Specifically, at $util.qr($ctx.source.put("id", $primaryRole0)).

In overriding my templates to handle the list of strings I had replaced this code but it seems I have other subfields that I hadn't overriden yet that still contained it.

Update: in testing further with other subfields I can see that whenever my query fails due to $context.source.id having the incorrect value as described here, commenting out or removing the line $util.qr($ctx.source.put("id", $primaryRole0)) resolves the issue.

ykethan commented 2 years ago

Hey @naedx, Thank you for the information. On reaching out to the team and discussing your use case, the team suggests separating the groups as a separate field as combining Multi tenant and groups on a ID may cause unintended behaviour in your application.

For example:

type Todo @model @auth(rules: [{ allow: groups, groupsField: "groups" }]){
  id: ID! @primaryKey
  name: String! @index(name: "byName", queryField: "todoByName")
  description: String
  groups: [String]
}

here we separate the groups and the ID field allowing us to logically separate the items that can be retrieved byname and if present in a specific group

naedx commented 2 years ago

Hey @ykethan, thanks to you and the team for the reply! Indeed, changing from using the key field to another field generates the authZ rules that I need.

That addresses my use case sufficiently. I only now need to set this tenantId on all existing records and all new going forward.

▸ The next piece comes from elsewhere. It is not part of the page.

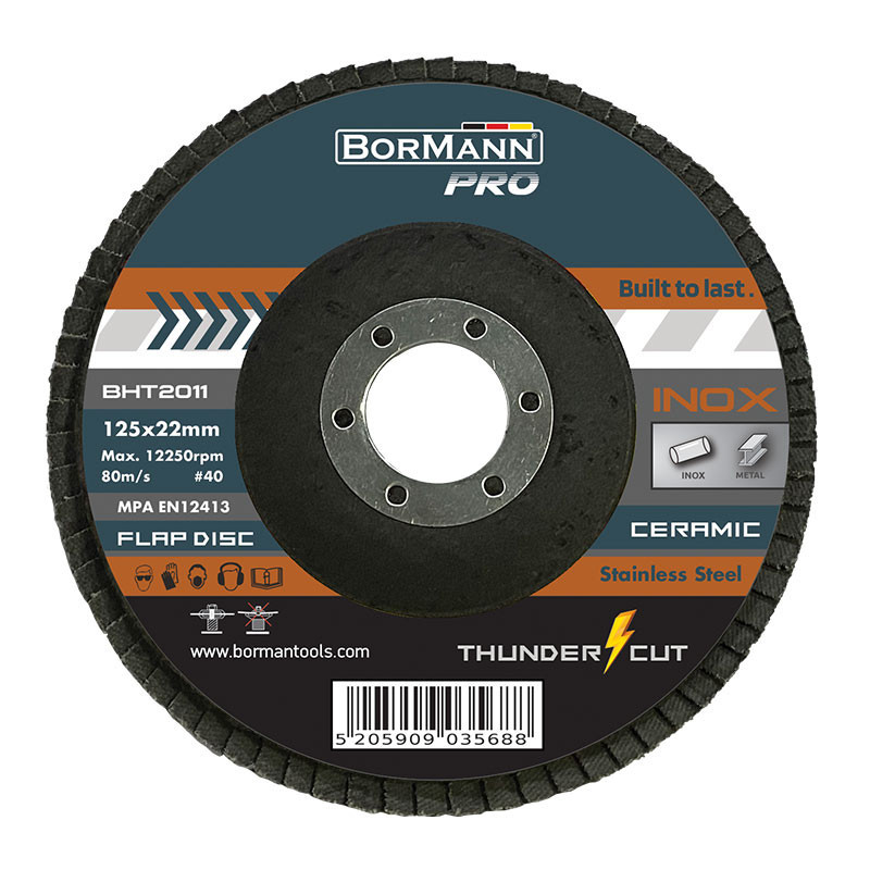 BORMANN Pro Csiszolókorong ''THUNDER-CUT" INOX KERÁMIA PENGÉKKEL Φ125x22 #40 (BHT2011)

Changing my schema to follow this model: ```js type Todo @model @auth(rules: [{ allow: groups, groupsField: "tenantId", groupClaim: "customGroupClaim" }]) { id: ID! @primaryKey tenantId: String! name: String! @index(name: "byName", queryField: "todoByName") description: String } ``` Generates the following: ```javascript #if( $util.authType() == "User Pool Authorization" ) #if( !$isAuthorized ) #set( $authFilter = [] ) #set( $role0 = $util.defaultIfNull($ctx.identity.claims.get("customGroupClaim"), []) ) #if( $util.isString($role0) ) #if( $util.isList($util.parseJson($role0)) ) #set( $role0 = $util.parseJson($role0) ) #else #set( $role0 = [$role0] ) #end #end #if( !$role0.isEmpty() ) $util.qr($authFilter.add({ "tenantId": { "in": $role0 } })) #end #if( !$authFilter.isEmpty() ) $util.qr($ctx.stash.put("authFilter", { "or": $authFilter })) #end #end #end ```
ykethan commented 2 years ago

Hey @naedx, Glad to hear that you are back up and running. Please do let us know if we can go on ahead and close the issue.

naedx commented 2 years ago

Thanks for the follow up, @ykethan . The original issue no longer manifests if I set auth to use a non-key field. You may close this on that basis.

(Overwriting the source.id based on the selection set still seems like an odd behavior though.)

ykethan commented 2 years ago

Thank you for the information, I will be closing the closing the issue. please feel free in reaching out to us again.